__Data extract__:
BEGIN
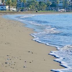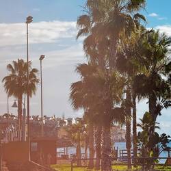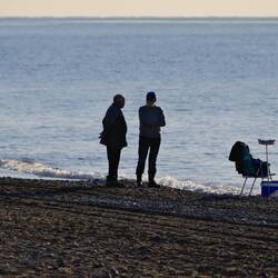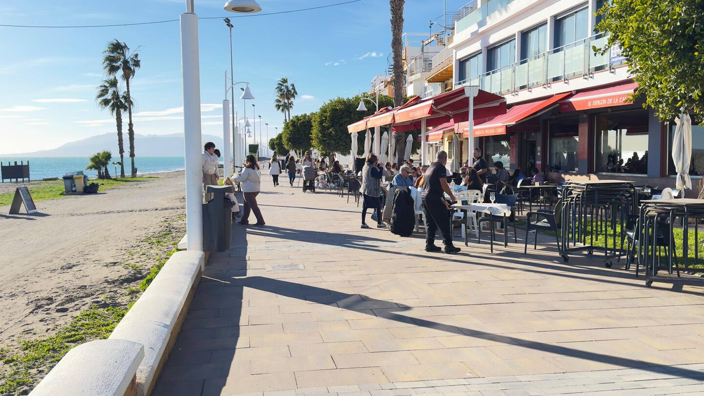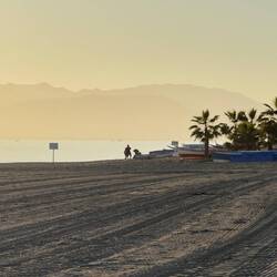 Wir haben 17 °C, es ist relativ angenehm und Samstag — alles ist auf der Strandpromenade und die Restaurants sind voll.
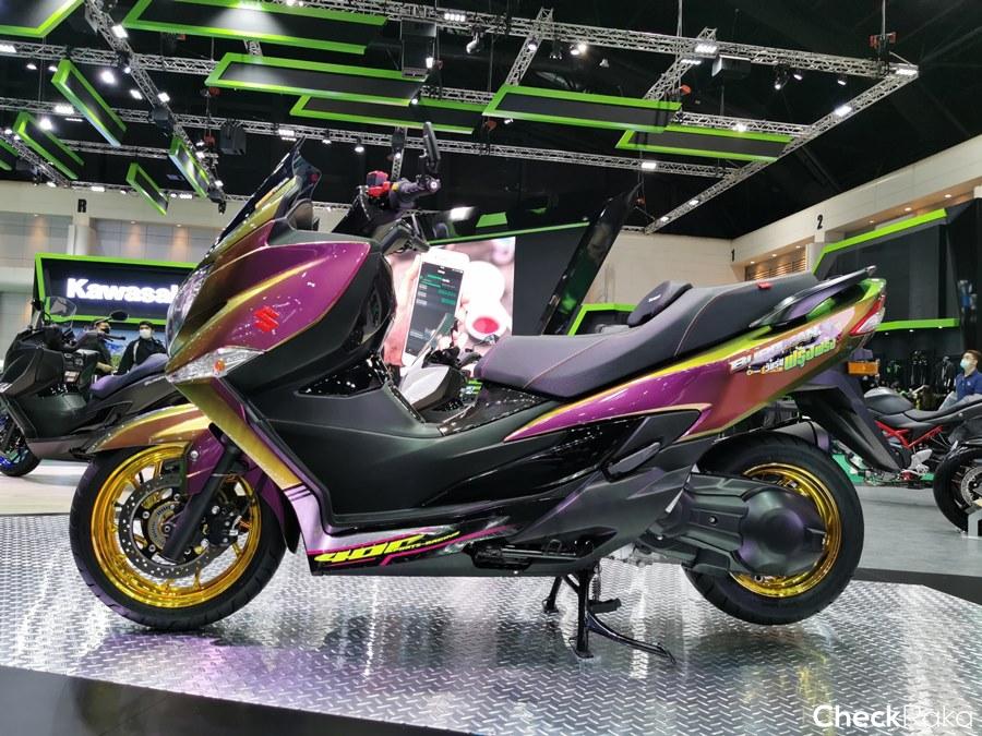 ซูซูกิ BURGMAN 400 สปอร์ตสกู๊ตเตอร์ เมด อิน เจแปน เบิร์กแมน 400 เวอร์ชันปี 2020 จากญี่ปุ่นนำเข้าโดยซูซูกิ ยังคงได้รับความนิยมข้ามปีอย่างต่อเนื่อง ด้วยขุมพลังขับเคลื่อนด้วยเครื่องยนต์ 1 สูบ 399 ซีซี DOHC ระบายความร้อนด้วยน้ำ ให้กำลังสูงสุด 31 แรงม้า ที่ 6,300 รอบต่อนาที แรงบิดสูงสุด 36 นิวตันเมตรที่ 4,800 รอบต่อนาที ระยะสูงเบาะ 755 มม. น้ำหนักตัวรถอยู่ที่ 215 กิโลกรัม
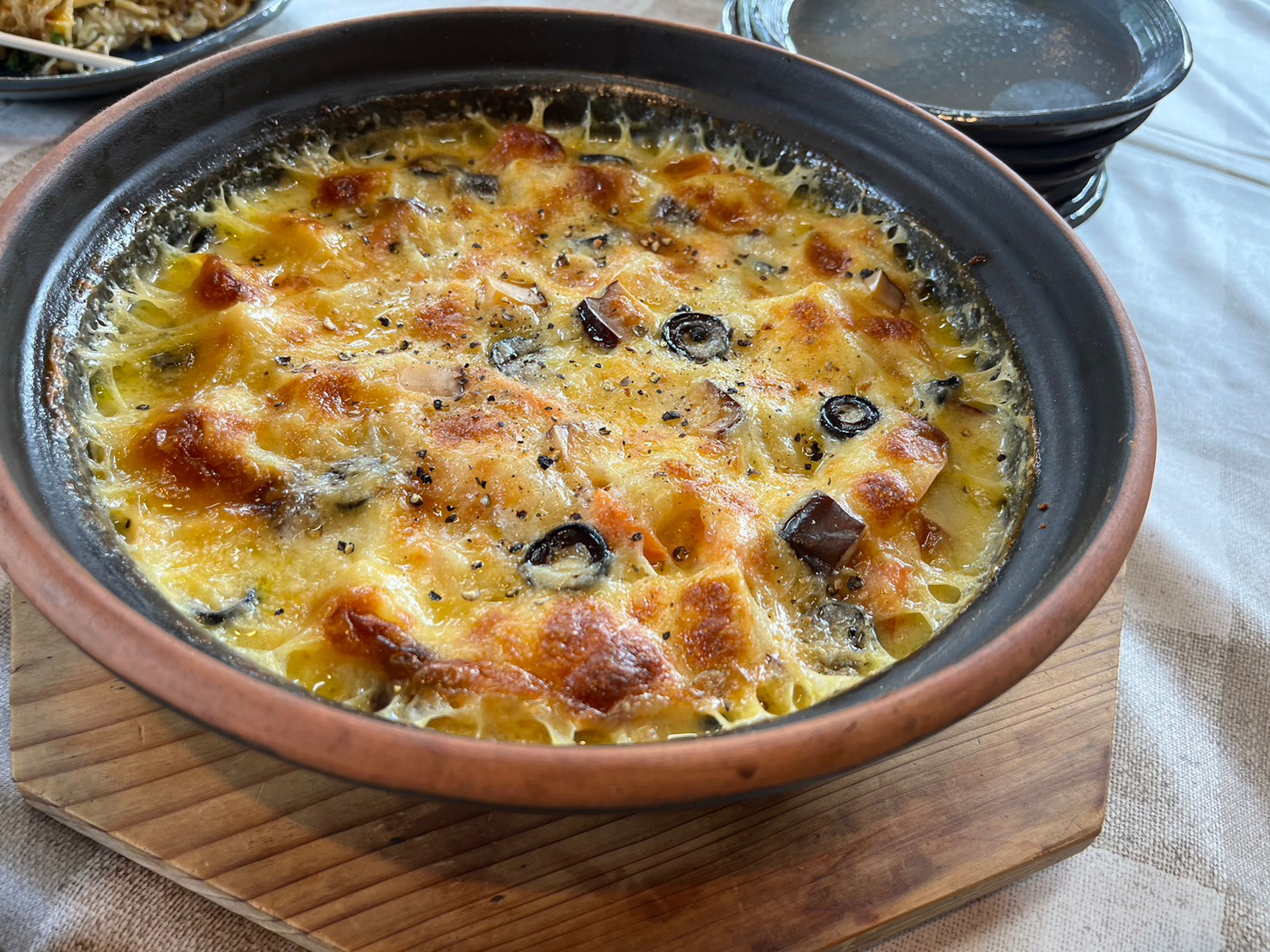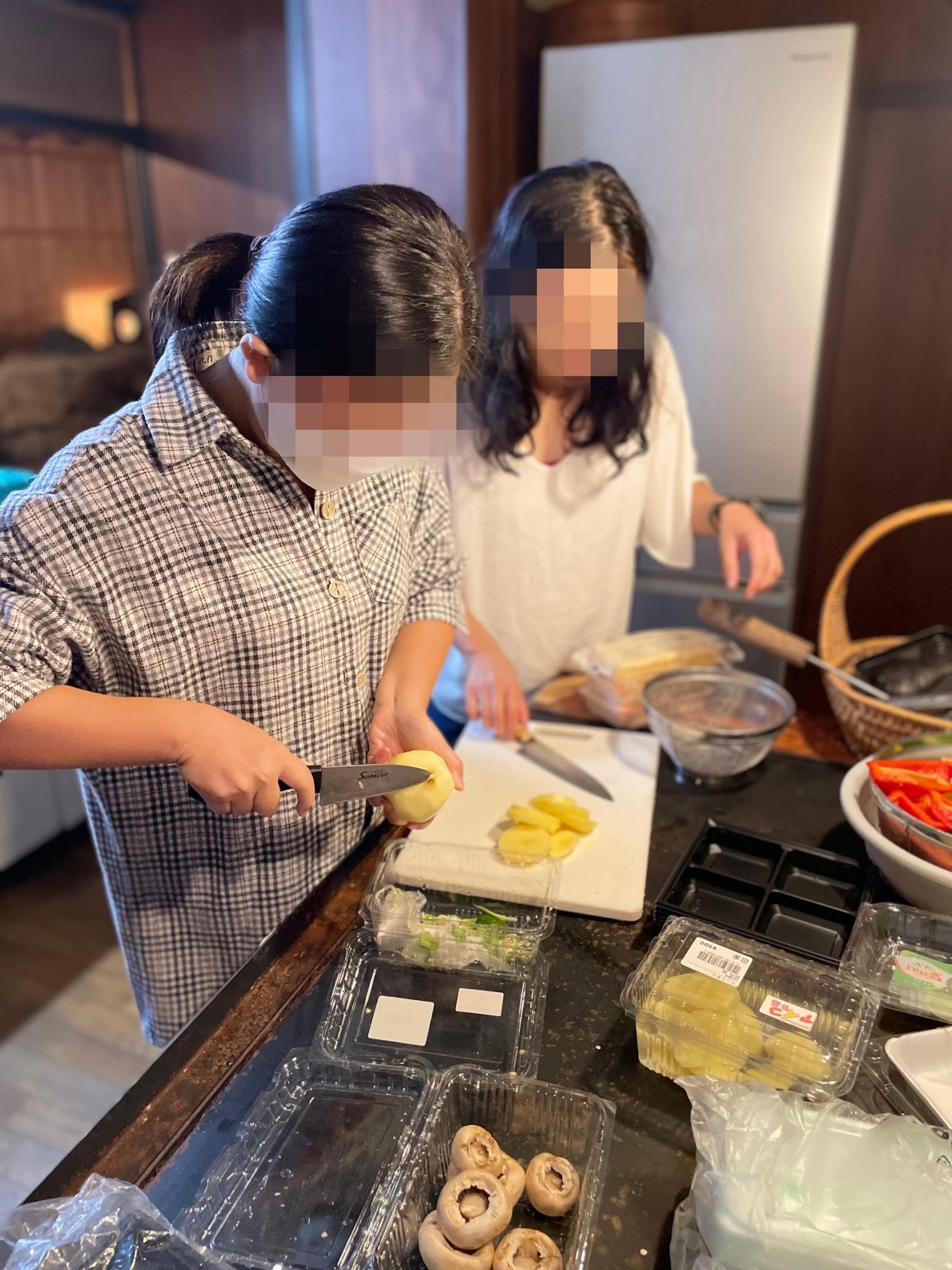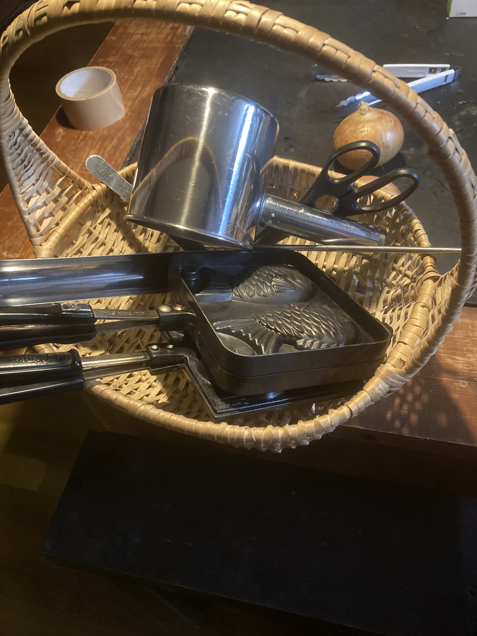 开始做饭了~今天我们午饭有三个菜,我们只帮忙做最大的一个。另外两个是奶酪海鲜土豆及广岛名物广岛烧。店家说用这个锅做出来的味道跟其他地方的广岛烧不一样,我们期待着。
END
__What needs to be done__:
Copy the data verbatim, skipping any image it holds.

__Answer to the problem__:
 Wir haben 17 °C, es ist relativ angenehm und Samstag — alles ist auf der Strandpromenade und die Restaurants sind voll.
 ซูซูกิ BURGMAN 400 สปอร์ตสกู๊ตเตอร์ เมด อิน เจแปน เบิร์กแมน 400 เวอร์ชันปี 2020 จากญี่ปุ่นนำเข้าโดยซูซูกิ ยังคงได้รับความนิยมข้ามปีอย่างต่อเนื่อง ด้วยขุมพลังขับเคลื่อนด้วยเครื่องยนต์ 1 สูบ 399 ซีซี DOHC ระบายความร้อนด้วยน้ำ ให้กำลังสูงสุด 31 แรงม้า ที่ 6,300 รอบต่อนาที แรงบิดสูงสุด 36 นิวตันเมตรที่ 4,800 รอบต่อนาที ระยะสูงเบาะ 755 มม. น้ำหนักตัวรถอยู่ที่ 215 กิโลกรัม
 开始做饭了~今天我们午饭有三个菜,我们只帮忙做最大的一个。另外两个是奶酪海鲜土豆及广岛名物广岛烧。店家说用这个锅做出来的味道跟其他地方的广岛烧不一样,我们期待着。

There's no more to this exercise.